The festival’s programme went live online yesterday, ahead of a hard-copy booklet launch scheduled for February 13.

This year’s nearly 80 events across more than 35 venues include ROADKILL: The Uber-Cool Musical, a one-man musical performance inside a parked and kitted-out "party van", and BRinG bAcK ThE STaR FOunTAIn, a performance art recreation of the "elusive, mysterious, almost-mythic" Star Fountain once located in the Octagon.

This year also marks the 25th anniversary of the Dunedin Fringe Festival — now the second largest fringe festival in the country.

Co-director Kate Schrader said it would be very special to celebrate 25 years of creativity in Dunedin.

The festival would start with a birthday party celebrating its whakapapa, legacy and all the people who had contributed to building it into what it is today.

"Going from that scrappy team doing it, I think from someone's living room in those first years, to being the second biggest fringe festival in the country now — that's a huge legacy.

"It sort of shows that Ōtepoti Dunedin really punches above its weight when it comes to creativity and community building.

"This is a really special place to live and a special place to make art."
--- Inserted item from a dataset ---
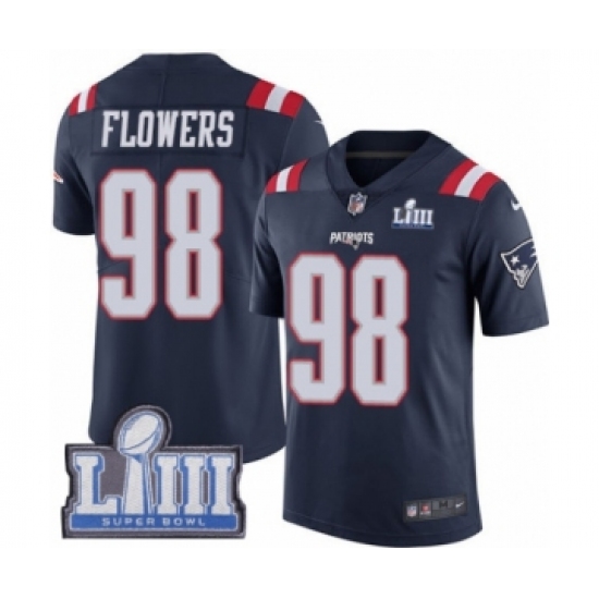 Youth Nike New England Patriots #98 Trey Flowers Limited Navy Blue Rush Vapor Untouchable Super Bowl LIII Bound NFL Jersey

Fellow co-director Ruth Harvey said the impact the festival had in shaping the city was "huge".

But it was getting harder and harder for community organisations to do their work, she said.

To say funding was tight would be "a complete understatement".

"Just like everybody else in our community, we're experiencing the pressures of cost of living and inflation, and reducing levels of support in all sorts of different places. So the fact that we've made it to 25 and we're still going strong is really pretty special.

"Our very dearest hope is that there will be another 25 years and many more beyond that."

The festival runs from March 13 to 23.